The transfer is expected to take a number of months to ensure that the code and its provenance is correctly attributed. While Hudson is currently licensed under the MIT licence, making switching to the Eclipse Public Licence relatively simple if required, Hudson depends on six third party libraries (Java Native Access, jCIFS, XOM, JCaptcha, JCommon and JFreeChart) which are licensed under the LGPL; the proposal says that the developers will need to either re-implement the functionality or get the library licence changed.

In a blog posting, the Eclipse Foundation's Executive Director Mike Milinkovich said "Hudson is coming to Eclipse for all the right reasons. The Eclipse community is itself a big user of Hudson, and we all look forward to the growth in momentum, innovation and predictability that will result from this move." Although the Foundation has many development tools under its governance, it currently does not have a continuous integration tool.

The Hudson system had been the subject of a dispute between Oracle and the project's community which resulted in the creation of a fork of the project, Jenkins. Discontent between Oracle and Kohsuke Kawaguchi, the project's founder and former Sun / Oracle employee, flared up when Oracle objected to the project moving off Oracle servers and onto Github. A vote within the community saw majority support for forking the project to create Jenkins. Since then, Oracle has worked with Sonatype on enhancing Hudson with JSR330 integration and has moved the project's code repository to Github.

Reacting to the announcement, Kawaguchi wrote in a blog posting that he was "quite surprised" by the announcement. He believes Oracle's move shows the success of the Jenkins project, but he is also disappointed that Oracle was not prepared to accept a neutral third party's governance during the dispute. Oracle says that before the split it had deemed Eclipse as "too heavyweight" but since the split it has realised that it was the "best course of action".

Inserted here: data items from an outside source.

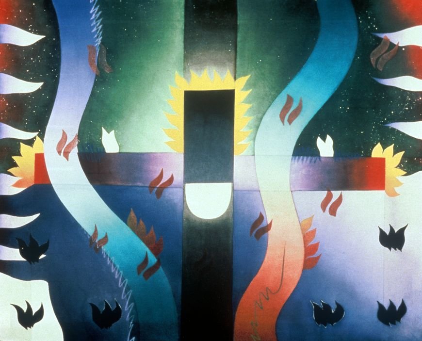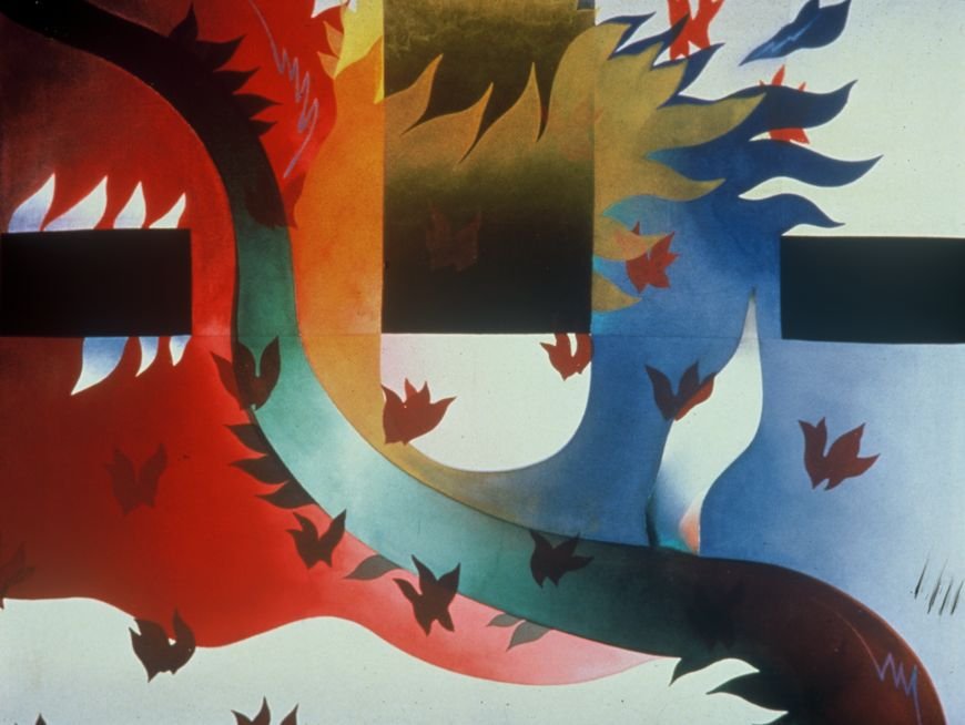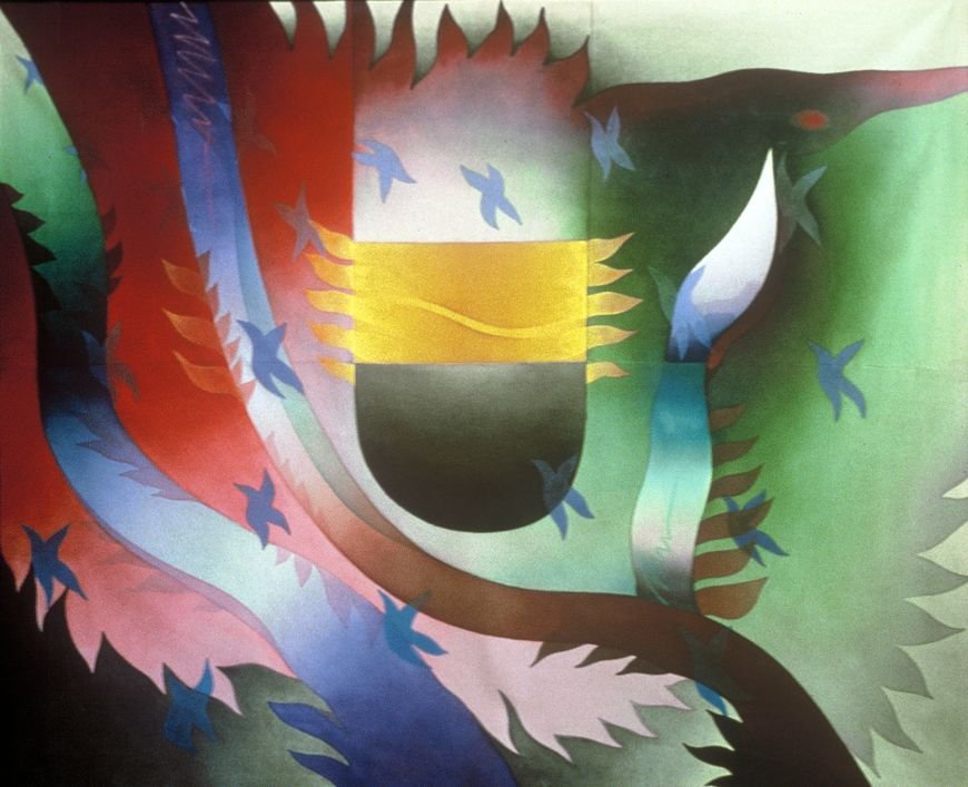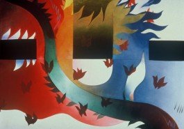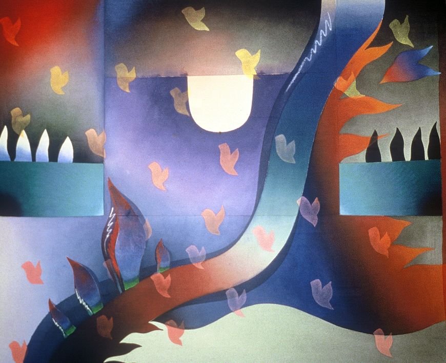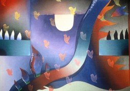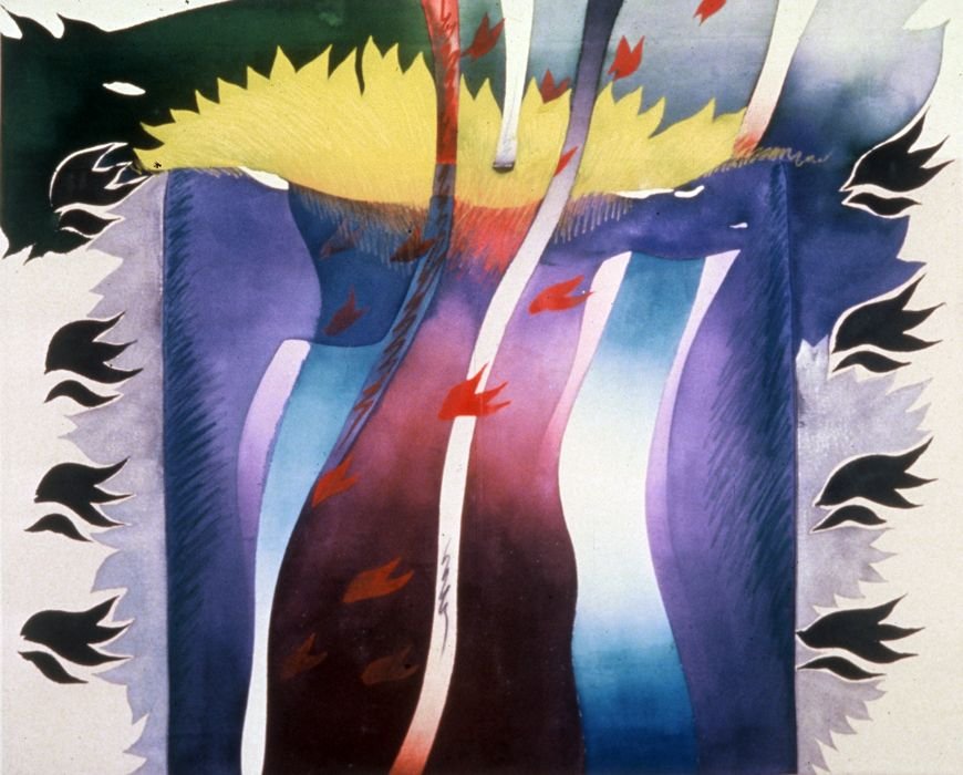 Foot Prince / The Path, 56″ x 68″, 1981The Foot Prince Series: These are the first of three series painted on stretched canvas, then taken off the stretchers and hemmed into tapestries. The title “Foot Prince” evokes the vision of a royal prince, having lost his horse, searching to find his way on foot ~ through and out of the forest. His adventures can be imagined by contemplating the titles of some of the various paintings in the Foot Prince Series: The Force, The Path, The Day, The Night, and The Black.
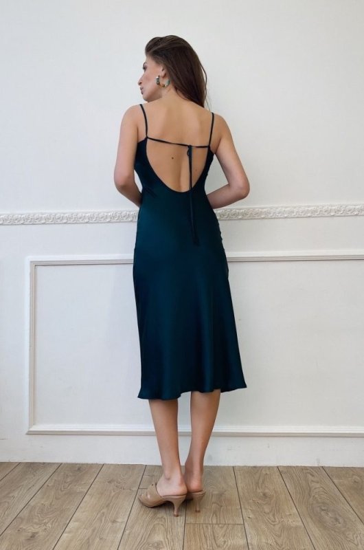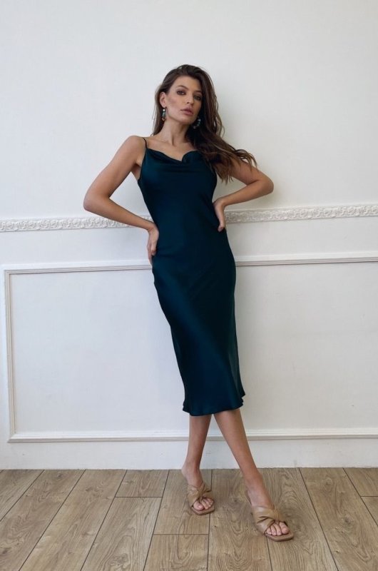 Сукня-міді в модному білизняному стилі на тонких регульованих бретелях, глибоким декольте і відкритою спинкою на зав'язках. Сукня-комбінація поєднує в собі сексуальність, жіночність, зручність і практичність. Вона однаково добре виглядає з кросівками і ошатними човниками, з рокерськими косухами і в'язаними кардіганами. Заміри: довжина по боковому шву-42р. -90 см, 44р. - 90,5 см, 46р. - 91 см.
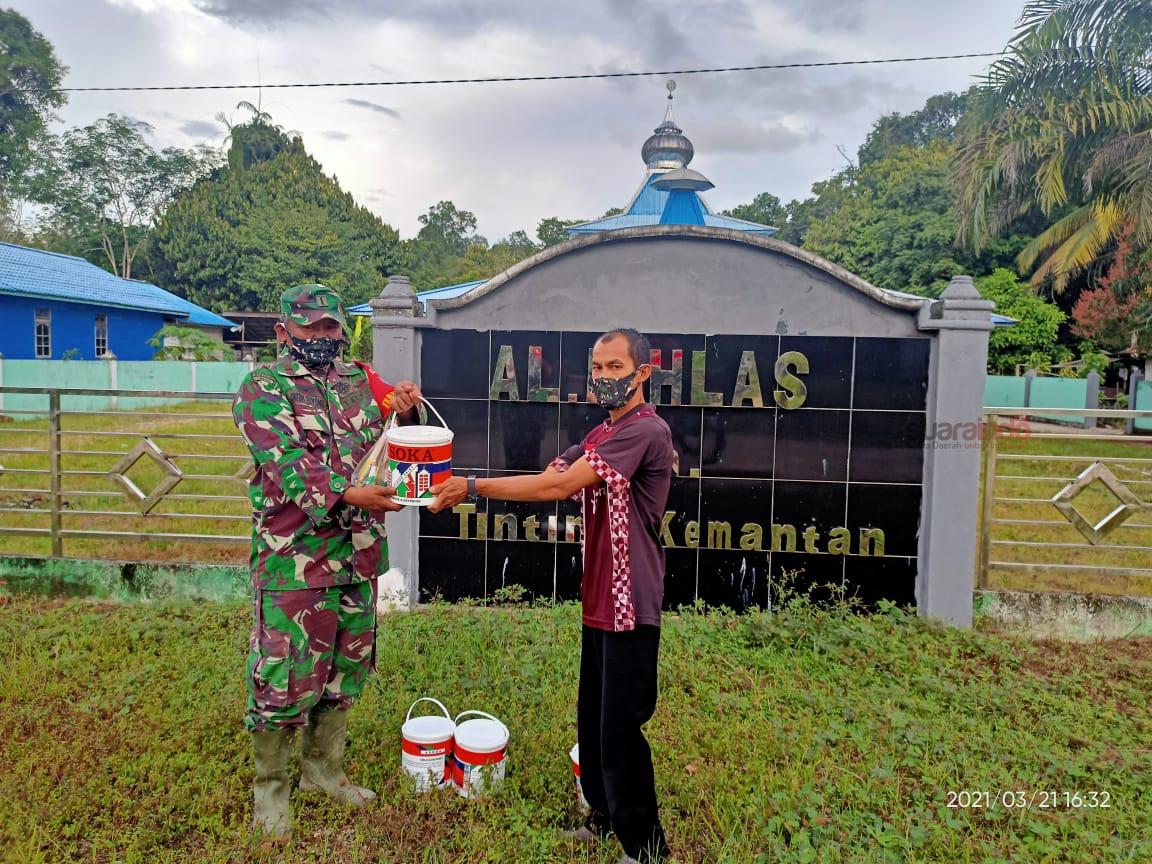Suaraindo.id—Pengkadan , Minggu 21 Maret 2021 Satgas TMMD 110 Putussibau Bantu Cat Masjid Al-Iklas
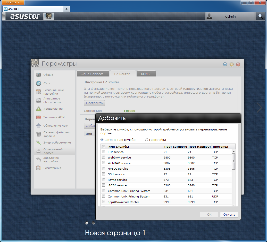 Поддерживается использование UPnP-совместимых роутеров для интернет-публикации сервисов устройства. Еще больше упрощает задачу функция Cloud Connect, которая является аналогом DDNS в домене myasustor.com, требующей только придумать уникальное имя.
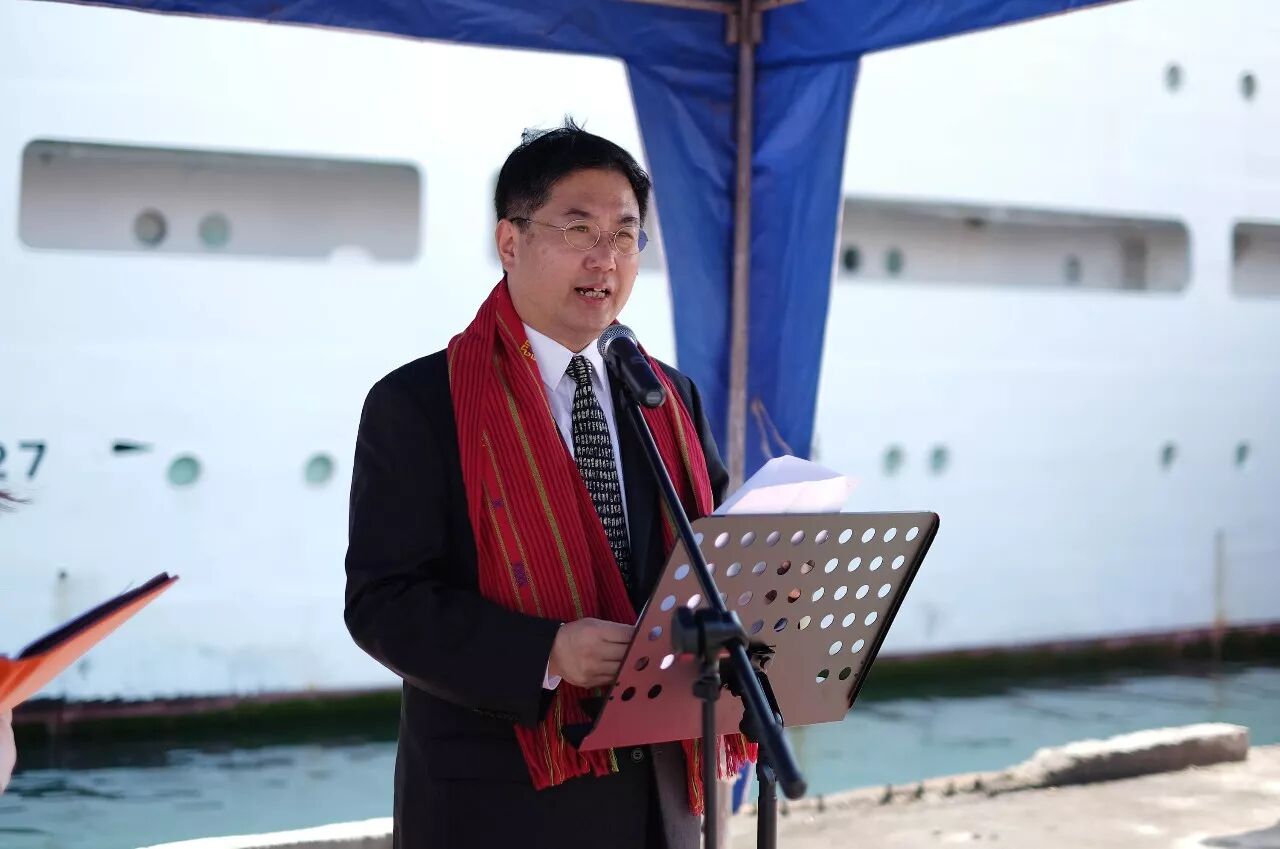▲中国驻东帝汶大使刘洪洋在欢迎和平方舟医院船访问东帝汶仪式上致辞

Kawaguchi also pointed out that there are some other IP issues, such as the Hudson logo being Microsoft clip art and the status of the six months of contributions to the code he made after he left Oracle. In comments, Ian Skerrett, Marketing Director at Eclipse pointed out that Eclipse has a "well defined process that I am sure will address any issues that might arise." The proposal is also being discussed on the Eclipse forums.